In computer programming, orthogonality in a programming language means that a relatively small set of primitive constructs can be combined in a relatively small number of ways to build the control and data structures of the language.

The Go FAQ mentions this concept:

Another important principle is to keep the concepts orthogonal. Methods can be implemented for any type; structures represent data while interfaces represent abstraction; and so on. Orthogonality makes it easier to understand what happens when things combine.

And here is the definition of "emergent behavior" in the field of physics:

In physics, emergence is used to describe a property, law, or phenomenon which occurs at macroscopic scales (in space or time) but not at microscopic scales, despite the fact that a macroscopic system can be viewed as a very large ensemble of microscopic systems.

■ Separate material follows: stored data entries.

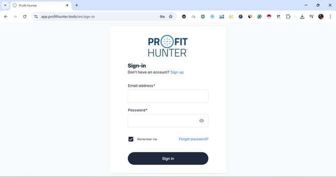 Introduce tu correo electrónico y contraseña con los que te registraste en Profit Hunter.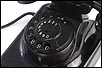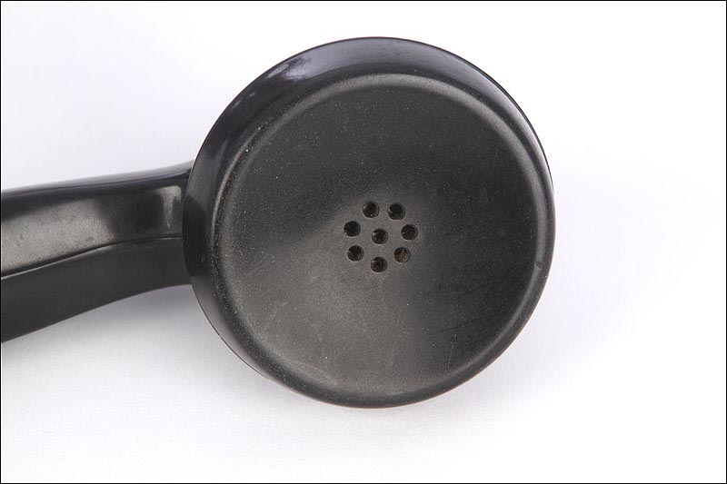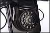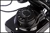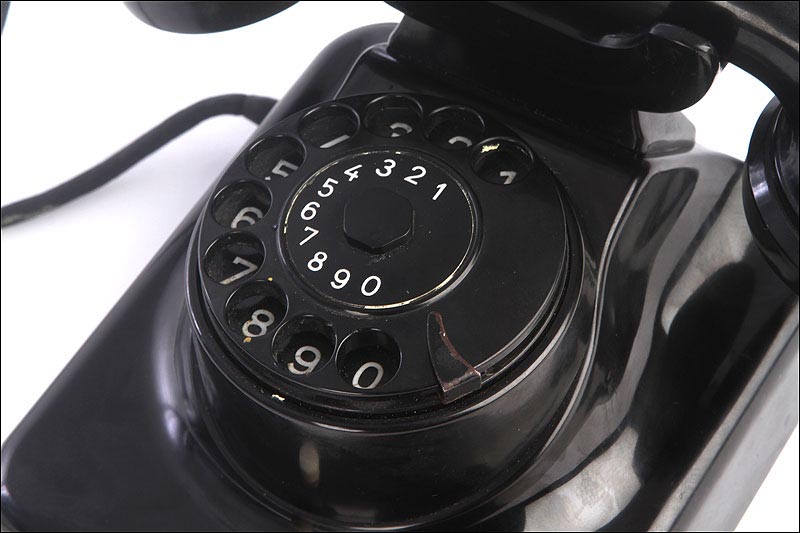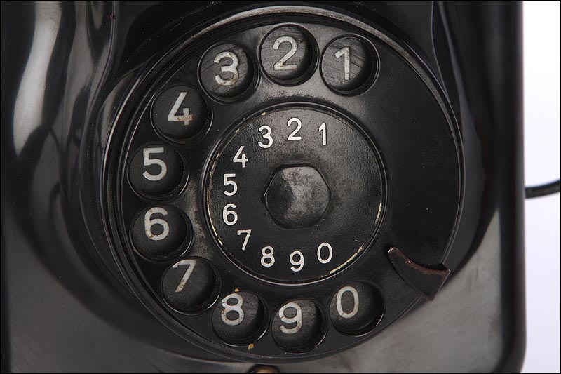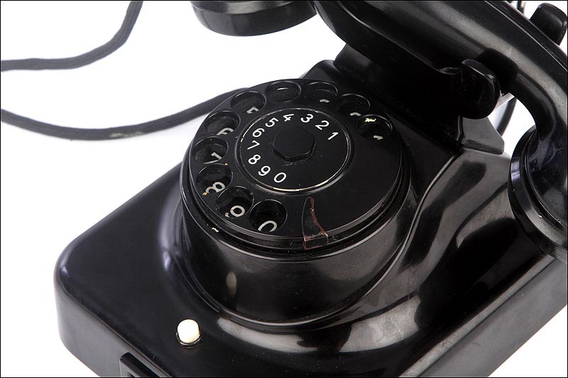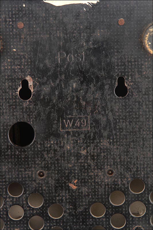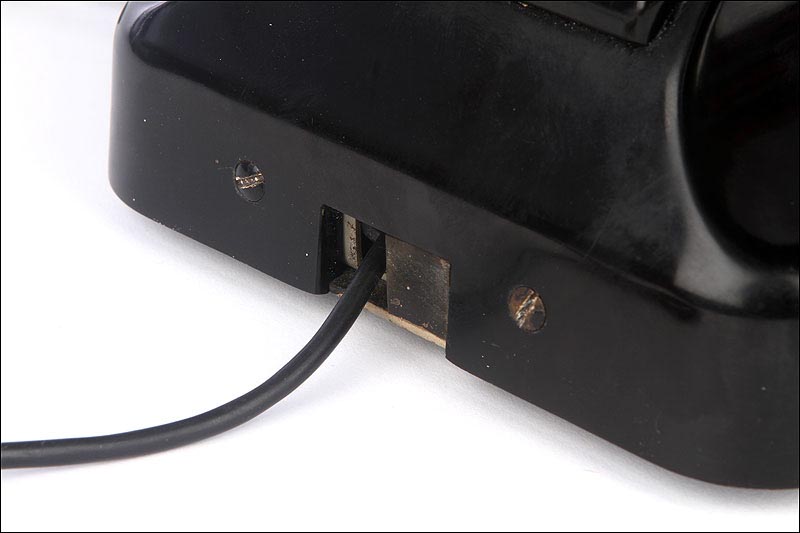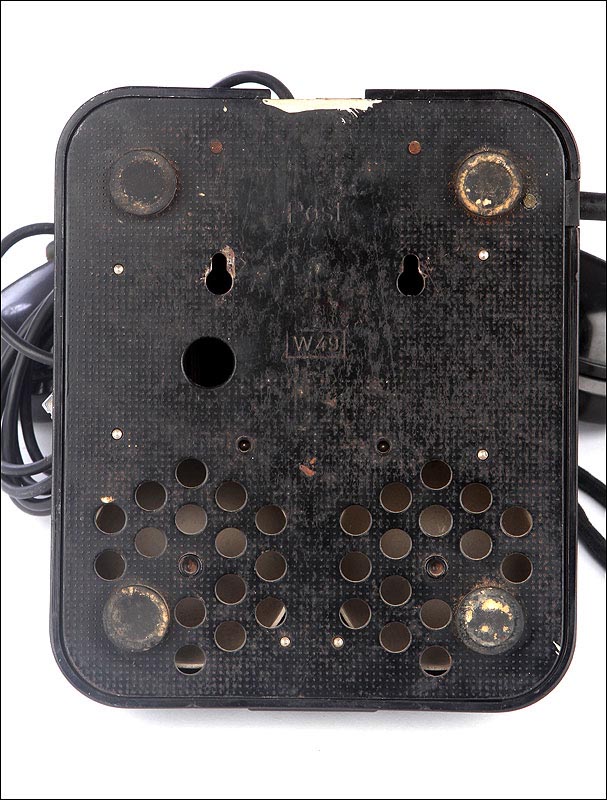El disco de marcaje, situado en la parte frontal del aparato es también negro, y funciona con fluidez y suavidad. A través de sus aberturas podemos ver los finos números impresos en color blanco sobre el material negro. Los números aparecen de nuevo, aunque más pequeños, impresos sobre el propio disco. Un poco más abajo podemos ver un pequeño botón de color blanco que en origen servía para que el usuario pudiese contactar directamente con la operadora de la línea telefónica. Si damos la vuelta al aparato, en la placa metálica que le sirve de base y protege el mecanismo vemos grabado el modelo: W 49, así como la palabra POST.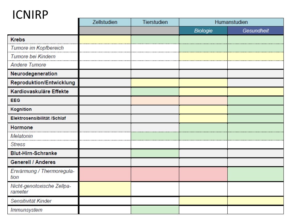 Wie Bild 5 zu entnehmen ist , anerkennt die ICNIRP ausser Wärmewirkung, keinerlei Schäden durch nichtionisierende Strahlung. Sie bezeichnet Menschen die trotzdem Symptome entwickeln, als Geisteskranke und empfiehlt der Ärzteschaft diese umgehend in die Psychiatrie zu überweisen. Fact-Sheet Nr.296.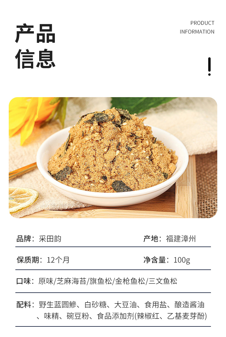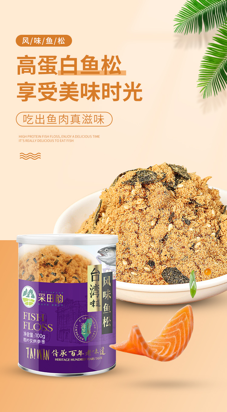 【买1送1 台湾风味】采田韵台湾风味 高蛋白鱼松 鲜香美味 营养丰富 早餐拌饭拌面沙拉饭团寿司 宝宝辅食 100g/罐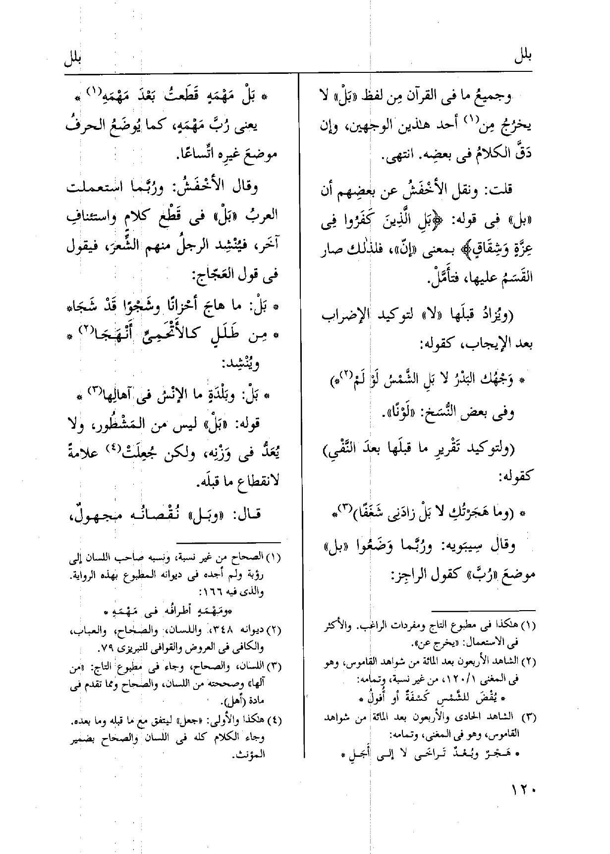 وجميعُ مَا فِي الْقُرْآن مِن لفظ بَلْ لَا يخرُجُ مِن أحد هذَيْن الْوَجْهَيْنِ، وَإِن دَقَّ الكلامُ فِي بعضِه. انْتهى. قلت: وَنقل الأخْفَشُ عَن بعضِهم أَن بل فِي قَوْله: بَلِ الَّذِينَ كَفَرُوا فِي عِزَّةٍ وَشِقَاقٍ بِمَعْنى إنّ، فَلذَلِك صَار القَسَمُ عَلَيْهَا، فتأَمَّلْ. ويُزادُ قبلَها لَا لتوكيد الإضراب بعد الْإِيجَاب، كَقَوْلِه:) وَجْهُك البَدْرُ لَا بَلِ الشَّمْسُ لَوْ لَمْ وَفِي بعض النّسَخ: لَوْناً. ولتوكيد تَقْريرِ مَا قبلَها بعدَ النَّفْيِ كَقَوْلِه: وَمَا هَجَرْتُكِ لَا بَلْ زادَني شَغَفاً وَقَالَ سِيبَويه: ورُبَّما وَضَعُوا بل موضعَ رُبَّ كَقَوْل الراجِز: بَلْ مَهْمَهٍ قَطَعتُ بَعْدَ مَهْمَهِ يعْنى رُبَّ مَهْمَهٍ، كَمَا يُوضَعُ الحرفُ موضعَ غيرِه اتِّساعاً. وَقَالَ الأخْفَشُ: ورُبَّما اسْتعْملت العربُ بَلْ فِي قَطْع كلامٍ واستئنافِ آخَر، فيُنْشِد الرجلُ مِنْهُم الشِّعرَ، فَيَقُول فِي قَول العَجّاج: بَلْ: مَا هاجَ أحْزاناً وشَجْواً قَدْ شَجَا مِن طَلَلٍ كالأَتْحَمِيَّ أَنْهَجَا ويُنْشِد: بَلْ: وبَلْدَةٍ مَا الإنْسُ فِي آهالِها قَوْله: بَلْ لَيْسَ من المَشْطُور، وَلَا يُعَدّ فِي وَزْنِه، وَلَكِن جُعِلَتْ عَلامَة لانْقِطَاع مَا قبلَه. قَالَ:! وبَل نُقْصانُه مجهولٌ،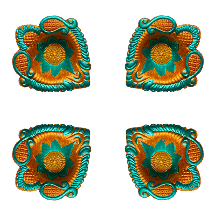 Description / Floral Decorative Clay Diya for Diwali - Turquoise Green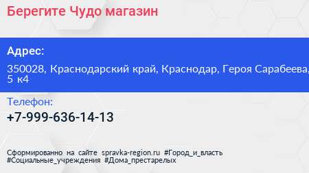 Берегите Чудо, магазин по адресу 350028, Краснодарский край, Краснодар, Героя Сарабеева, 5 к4 в дальнейшем Организация, размещена в следующих категориях: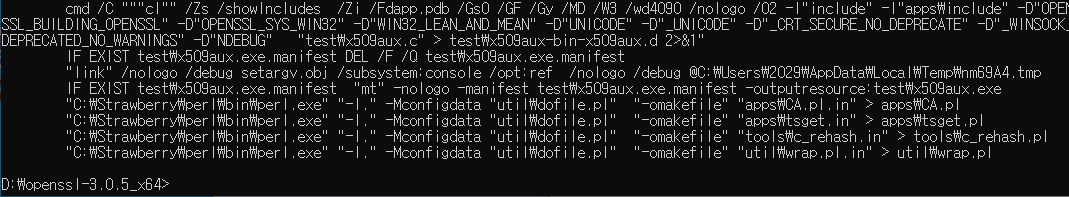 "nmake" 명령으로 OpenSSL 라이브러리를 빌드합니다. 컴파일 타임이 상당히 오래 걸리네요. 4가지 버전 만들어야 하는데 한번 할 때마다 30분 걸리네요.
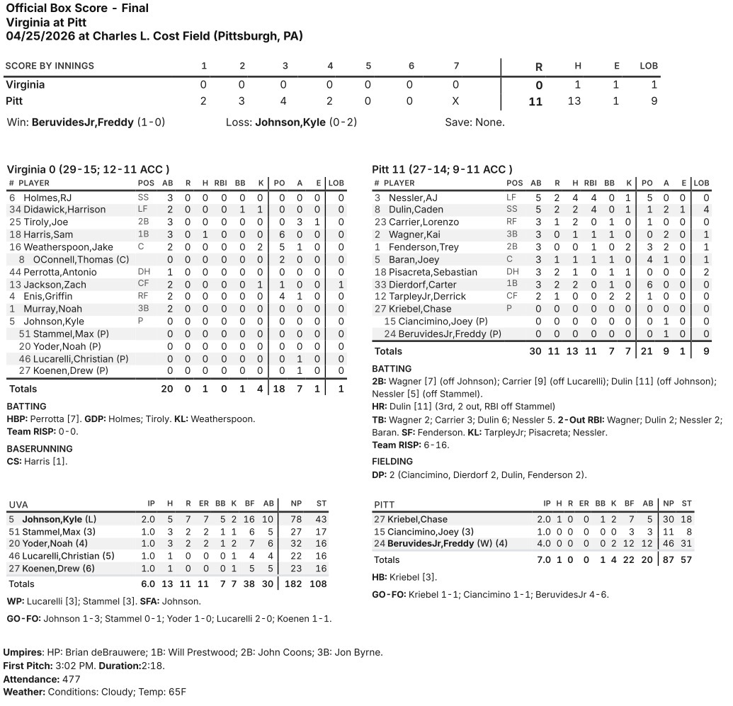 The No. 10 Virginia baseball team was run-ruled, 11-0, in seven innings on Saturday by Pitt at Charles L. Cost Field in the Steel City.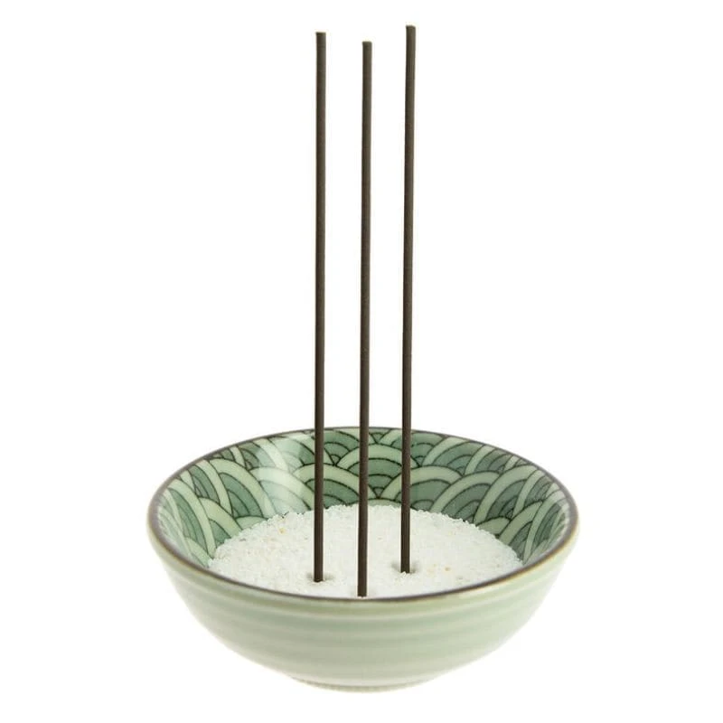 Add a touch of Zen to your home with this Japanese ceramic incense-holder, made in Japan and adorned with the traditional Seigaiha motif. Symbolizing the waves of the sea, this age-old design embodies peace and serenity. Supplied with a bag of marble sand, it allows you to plant one or more incense sticks for your moments of relaxation or purification rituals. A beautiful object, both decorative and functional.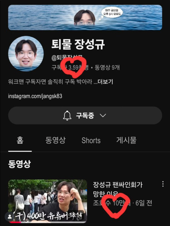 공개된 이미지에는 장성규의 유튜브 채널이 구독자 3.59천명을 기록하고 있으며, 영상 중 하나가 조회수 10만을 돌파한 모습이 담겼다.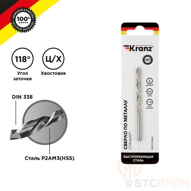 Сверло по металлу 5.0мм HSS DIN 338 (уп.1шт) Kranz KR-91-0564 фото в каталоге от BTSprom.by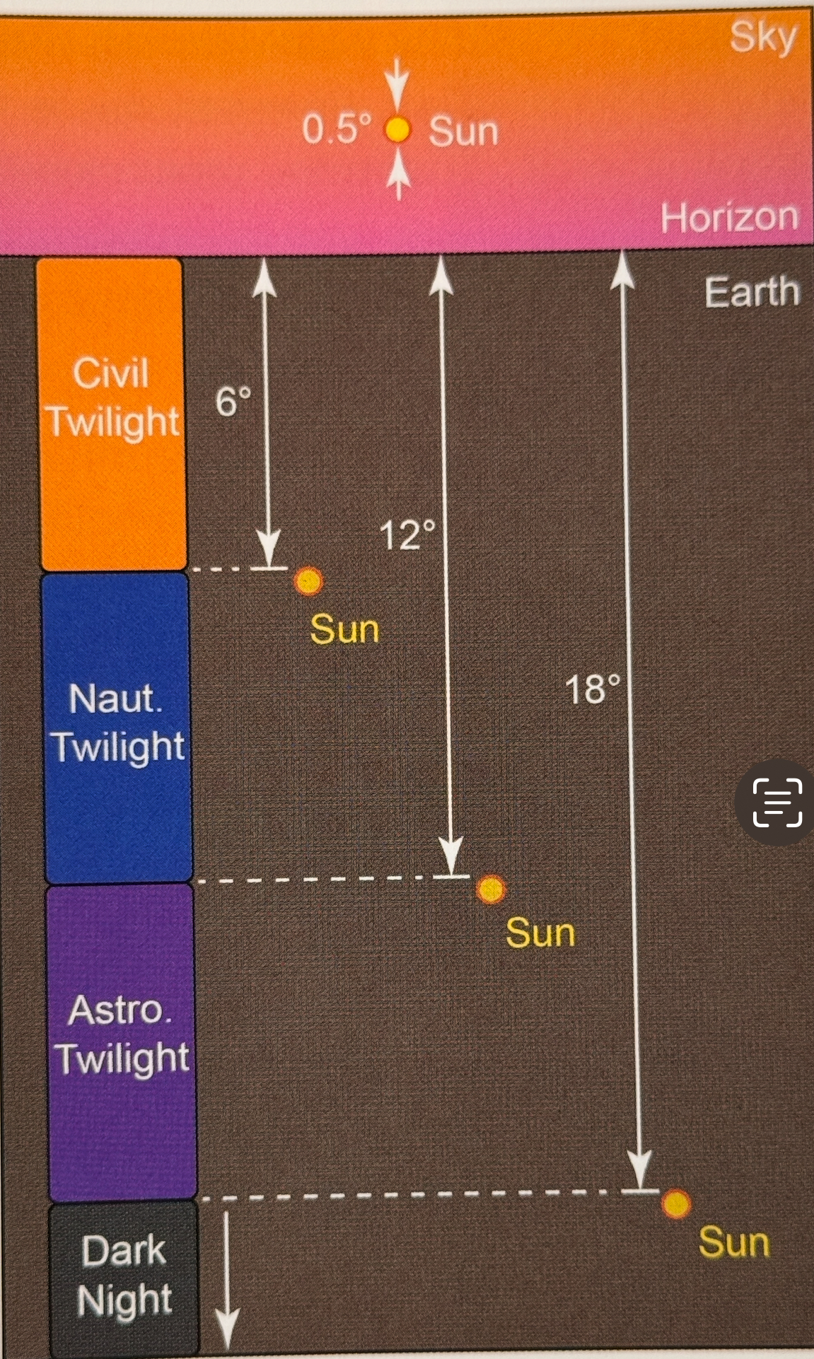 - Astronomical: sun is between 12 and 18 degrees below horizon.
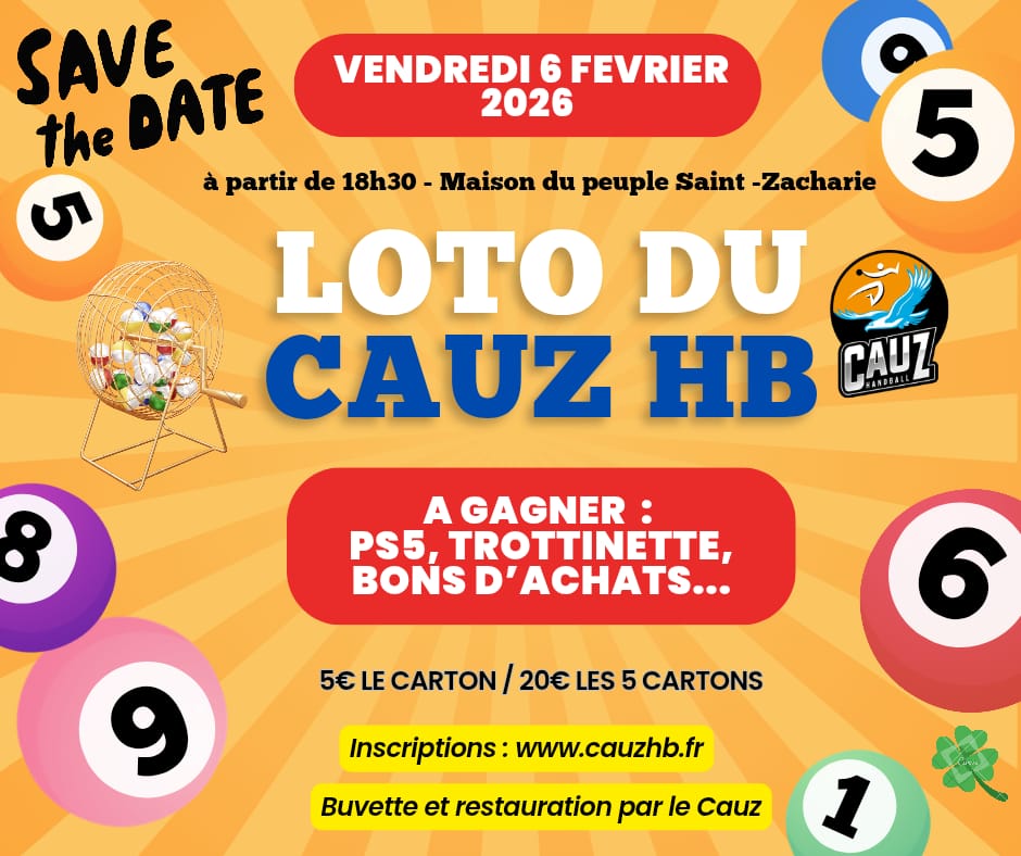 🎉 Le loto qui fait gagner toute la famille ! 📅 le 6 Février 2026 – 📍 La maison du Peuple de Saint Zacharie à 18h 🎁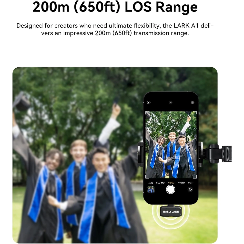 Thanks to Hollyland’s advanced 2.4GHz digital transmission, you get zero-latency and lossless audio at distances of up to 200 meters (656 ft) in open areas. Record freely without worrying about disconnections or interference.
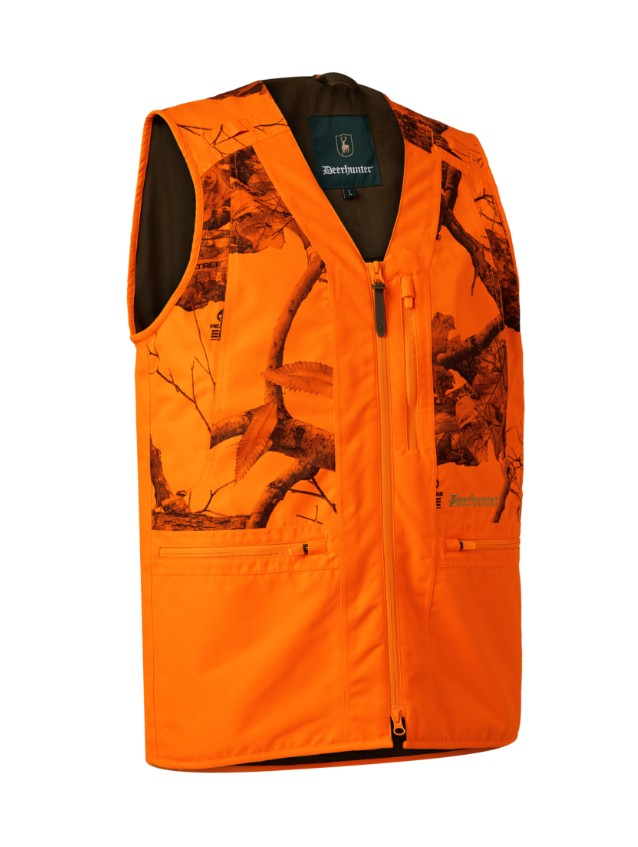 Visibilité maximale, liberté de mouvement et rangements malins : le gilet Eagle assure une protection efficace du buste sans l’encombrement d’une veste. Sa couleur orange garantit une haute visibilité sur le terrain et il est certifié CE et EPI CAT II pour une sécurité renforcée. Doté de la membrane Stormliner® signée DEERHUNTER, il offre une protection coupe-vent et respirante, renforcée par un traitement déperlant BIONIC FINISH® ECO pour faire face aux petites averses. Pratique jusque dans les moindres détails, il intègre une fermeture zippée double sens, des passants pour radio, ainsi qu’une bande frontale extensible qui permet d'ajuster la largeur. Les nombreuses poches zippées, dont une gibecière et des rangements intérieurs en mesh, permettent de tout transporter sans vous alourdir.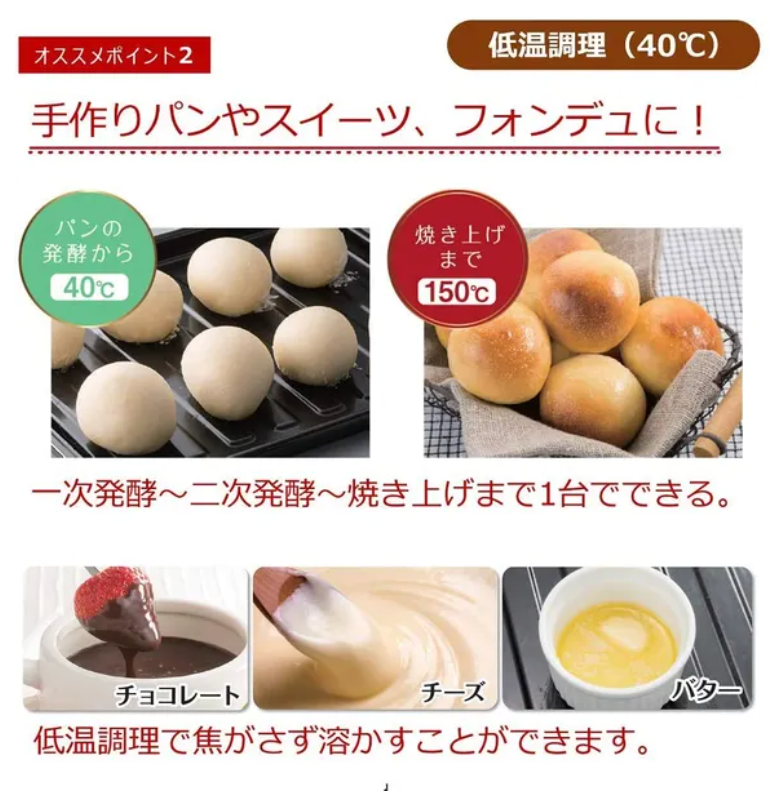 低温調理が出来るので、これ1台でパンの発酵(40℃)から焼き上げ(150℃)までできます。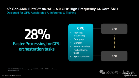 在 AI 性能方面,AMD 还吹捧了一些巨大的收益,主要来自 AVX-512 512b 功能,这些功能确实产生了令人印象深刻的 3.8 倍性能提升。更快的 SKU(如 5 GHz EPYC 9575F)可将 GPU 编排任务的速度提高 28%。

An emergent property need not be more complicated than the underlying non-emergent properties which generate it. For instance, the laws of thermodynamics are remarkably simple, even if the laws which govern the interactions between component particles are complex. The term emergence in physics is thus used not to signify complexity, but rather to distinguish which laws and concepts apply to macroscopic scales, and which ones apply to microscopic scales.

Even non-programmers can guess the meaning of this phrase because they know the words "emergent" and "behavior". Seems like an apt metaphor to me. I prefer normal words over jargon because it's accessible to newbies.